# Task objective
For the entries that follow, retype exactly the lines from the one containing "Rij het erf" to the one containing "Lang quiltet dunkjakke", inclusive, and only those. Images stay out of the copy.

# Records for the exercise
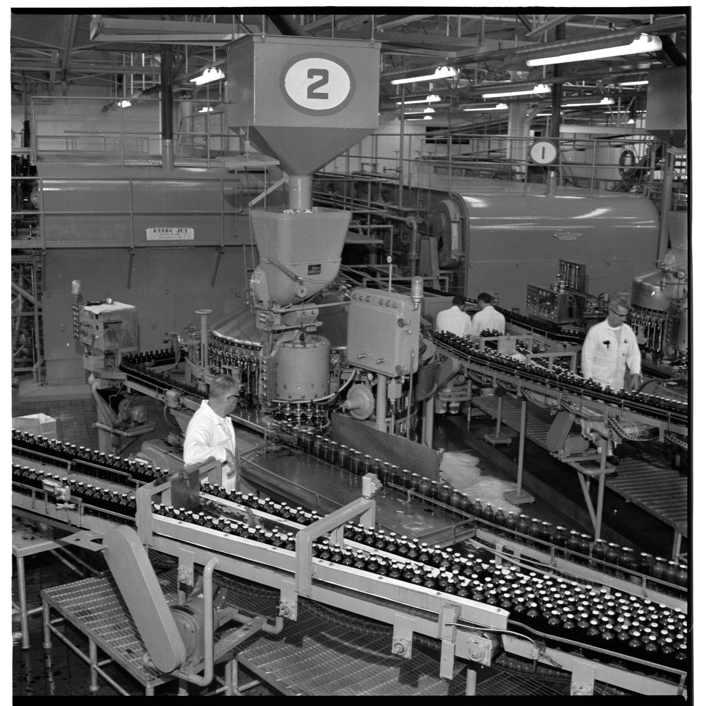 Negative, sheet film. 2 x 2 b&w. Capping machine at St. Paul Brewery.
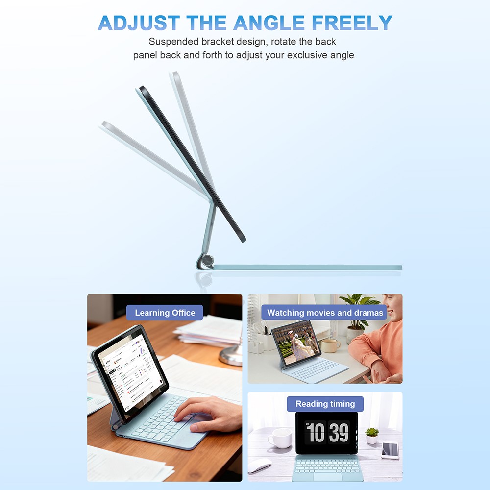 Odkryj wygodę wszechstronności dzięki projektowi zawieszanego stojaka. Obracaj tylną ściankę z łatwością, aby uzyskać idealny kąt widzenia do każdej aktywności—czy to nauki, pracy, oglądania filmów, czy czytania ulubionych e-booków. Dostosuj swoje doświadczenie do swoich unikalnych potrzeb.
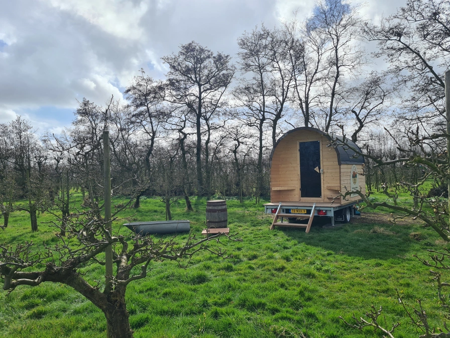 Rij het erf op en parkeer direct aan de linkerkant op de houtsnippers. Volg de bordjes met 'sauna' door de prachtige 'Waelde Tuin' en ontdek de sauna te midden van de perenboomgaard.
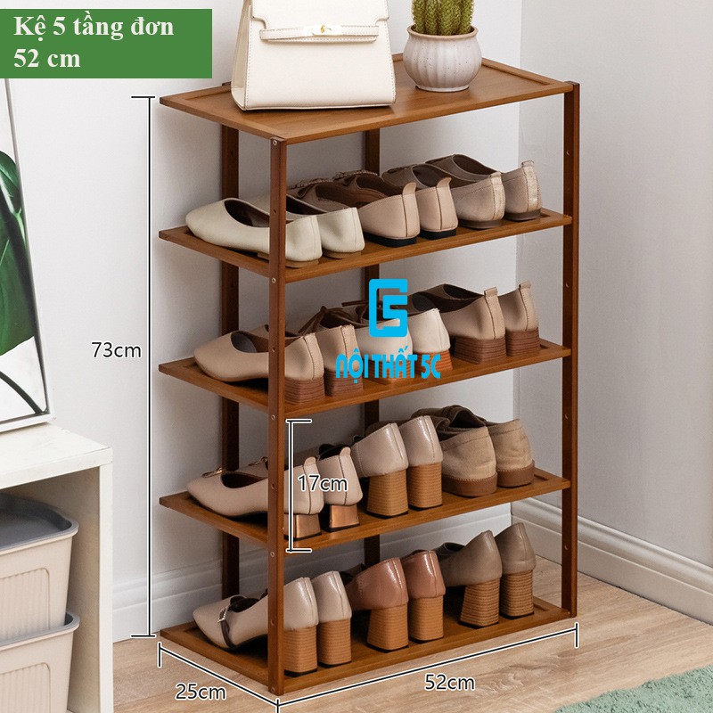 + Dài 52cm - 5 tầng đơn: 52x25x73cm ( DxRxC)
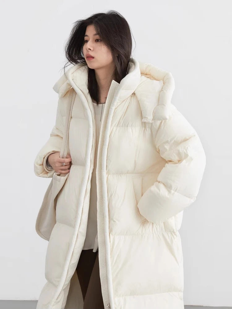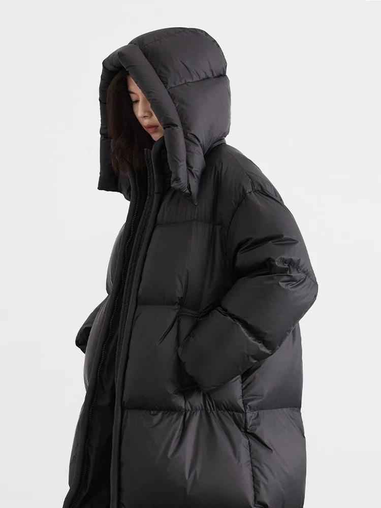 Lang quiltet dunkjakke til kvinder | Varm letvægtskonstruktion | Praktisk hættedesign
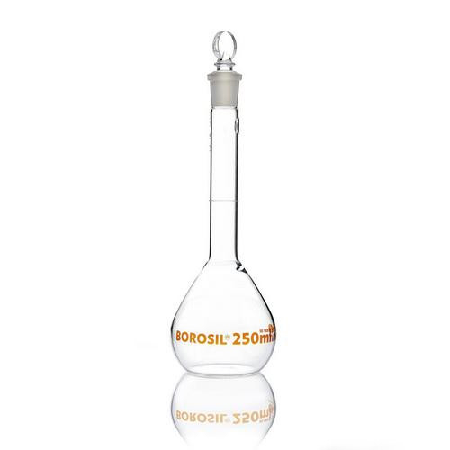 Foxx Life Sciences, 5647021A, Borosil Volumetric Flask, Wide Neck, With Glass I/C Stopper, Class A with Batch certificate, 200 mL
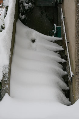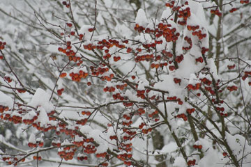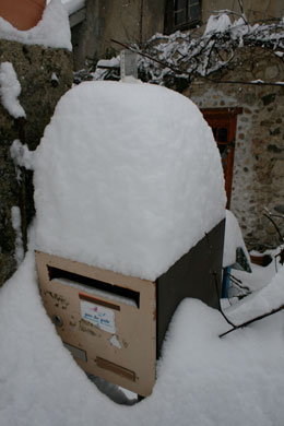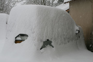 30 cm de neige et notre société est – soi-disant – totalement désorganisée : plus de courant électrique pour les Bretons (ça leur apprendra à avoir, en son temps, refusé les bonnes vieilles centrales nucléaires de papa), plus de pièces détachées dans les ateliers, plus de télé dans les foyers (même le micro-ondes refuse de micro-onder !)… Madame Beaufre pleine de bon sens bien de chez nous (à droite de l’agence du Crédit Agricole) ne manque pas de se poser les bonnes questions : « Pourquoi les pouvoirs publics n’ont-ils rien fait ? » (variante locale « Pourquoi Madame le Maire n’a-t-elle pas acheté du sel avant ?) ou encore « Pourquoi les chasse-neige ont-ils attendu les premiers flocons pour se mettre en route ? S’ils étaient passés avant (???) il n’y aurait pas tous ces tracas ». Il est évident que si les services de l’équipement déneigeaient dès le mois de septembre, le responsable des chutes de neige, caché derrière son nuage, serait complètement dégoûté et arrêterait de faire le con… Curieusement, je n’ai pas entendu la moindre remarque sur le fait que les prix de l’immobilier poussaient les travailleurs à habiter de plus en plus loin de leur lieu de travail ou sur les risques d’approvisionnement que faisaient courir à la société la soi-disant miraculeuse gestion des stocks en « flux tendu ». Heureusement que la nature ne fonctionne pas de la même façon et n’a pas adopté un concept aussi débile (admirez le bel entrepôt rempli de nourriture sur la photo suivante). Même une thématique aussi banale que les caprices de la météo pourrait amener les journaux « d’information » à élever un peu le niveau du débat. Mais on s’égare, on s’égare… ce n’est point là le métier de gens dont le boulot consiste à survoler les chiens écrasés à la plus basse altitude possible. Vous confondez « Antenne 2 » et « France Culture » mon bon Monsieur, et puis BHL n’a rien à déclarer sur la question ! De grâce alors, évitez-nous les lieux communs et cantonnez-vous à l’angle artistique : les paysages enneigés paradis des photographes. Autre possibilité : n’interviewez que les gamins pour vos micros trottoirs… Leurs parents n’ont que la misère de leur propre existence à étaler… Eux ont encore des flocons dans les yeux !

# Completed exercise
 Rij het erf op en parkeer direct aan de linkerkant op de houtsnippers. Volg de bordjes met 'sauna' door de prachtige 'Waelde Tuin' en ontdek de sauna te midden van de perenboomgaard.
 + Dài 52cm - 5 tầng đơn: 52x25x73cm ( DxRxC)
 Lang quiltet dunkjakke til kvinder | Varm letvægtskonstruktion | Praktisk hættedesign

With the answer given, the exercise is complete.